On Tue, 14 May 2019 02:12:35 -0400
Yan Zhao <yan.y.zhao(a)intel.com> wrote:
On Mon, May 13, 2019 at 09:28:04PM +0800, Erik Skultety wrote:
> In case of libvirt checking the compatibility, it won't
matter how good the
> error message in the kernel log is and regardless of how many error states you
> want to handle, libvirt's only limited to errno here, since we're going to
do
> plain read/write, so our internal error message returned to the user is only
> going to contain what the errno says - okay, of course we can (and we DO)

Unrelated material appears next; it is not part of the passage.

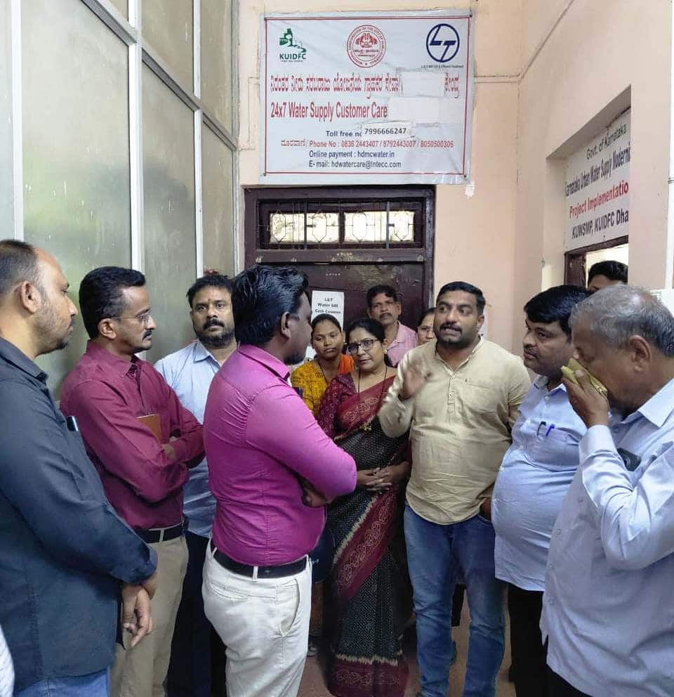 ಮಹಾನಗರ ಪಾಲಿಕೆಯ ವಾರ್ಡ್ 1ರಲ್ಲಿ ಸಮರ್ಪಕ ಕುಡಿಯುವ ನೀರಿಗಾಗಿ ಪಾಲಿಕೆಯಲ್ಲಿರುವ ಎಲ್ ಆ್ಯಂಡ್ ಟಿ ಹಾಗೂ ಕೆಯುಐಡಿಎಫ್ಸಿ ಕಚೇರಿಗೆ ಮುತ್ತಿಗೆ ಹಾಕಿ ನಾಗರಿಕರು ಪ್ರತಿಭಟನೆ ಮಾಡಿದರು.ವಾರ್ಡ್ 1ರ ಕುಮಾರೇಶ್ವರನಗರ ಹಾಗೂ ಸುತ್ತಲಿನ ಎಲ್ಲ ಬಡಾವಣೆಗಳಲ್ಲಿ ಕುಡಿಯುವ ನೀರಿನ ಸಮಸ್ಯೆ ತೀವ್ರವಾಗಿ ಉಲ್ಬಣಿಸಿದೆ. ಸಾಕಷ್ಟು ಬಾರಿ ಸಂಬಂಧಿಸಿದ ಅಧಿಕಾರಿಗಳ ಗಮನಕ್ಕೆ ತಂದಿದ್ದರೂ ಕೂಡ ಸಮರ್ಪಕವಾಗಿ ಕುಡಿಯುವ ನೀರು ಸರಬರಾಜು ಮಾಡುವಲ್ಲಿ ವಿಫಲರಾಗಿದ್ದಾರೆ. ಈ ಮೊದಲು ಐದು ದಿನಗಳಿಗೊಮ್ಮೆ ನೀರು ಬರುತ್ತಿತ್ತು, ಆದರೆ ಈಗ 8-10 ದಿನಗಳಿಗೊಮ್ಮೆ ನೀರು ಬರುತ್ತಿದೆ. ಅದು ಕೂಡ ಸಮರ್ಪಕವಾಗಿ ಬರುತ್ತಿಲ್ಲ. ಕುಡಿಯುವ ನೀರಿಗಾಗಿ ವಾಟರ್ ಕ್ಯಾನ್ಗಳಿಗೆ ಜನರು ಮೊರೆ ಹೋಗಬೇಕಾಗಿದೆ ಎಂದು ಆಕ್ರೋಶ ವ್ಯಕ್ತಪಡಿಸಿದರು.

> provide libvirt specific string, further specifying the error but like I
> mentioned, depending on how many error cases we want to distinguish this may be
> hard for anyone to figure out solely on the error code, as apps will most
> probably not parse the
> logs.
>
> Regards,
> Erik
hi Erik
do you mean you are agreeing on defining common errors and only returning errno?
e.g.
#define ENOMIGRATION 140 /* device not supporting migration */
#define EUNATCH 49 /* software version not match */
#define EHWNM 142 /* hardware not matching*/
Defining custom error codes is probably not such a good idea... can we
match to common error codes instead? Do we have a good idea about
common error categories, anyway?
(Btw: does libvirt do a generic error-to-description translation, or
does it match to the context? I.e., can libvirt translate well-defined
error codes to a useful message for a specific case?)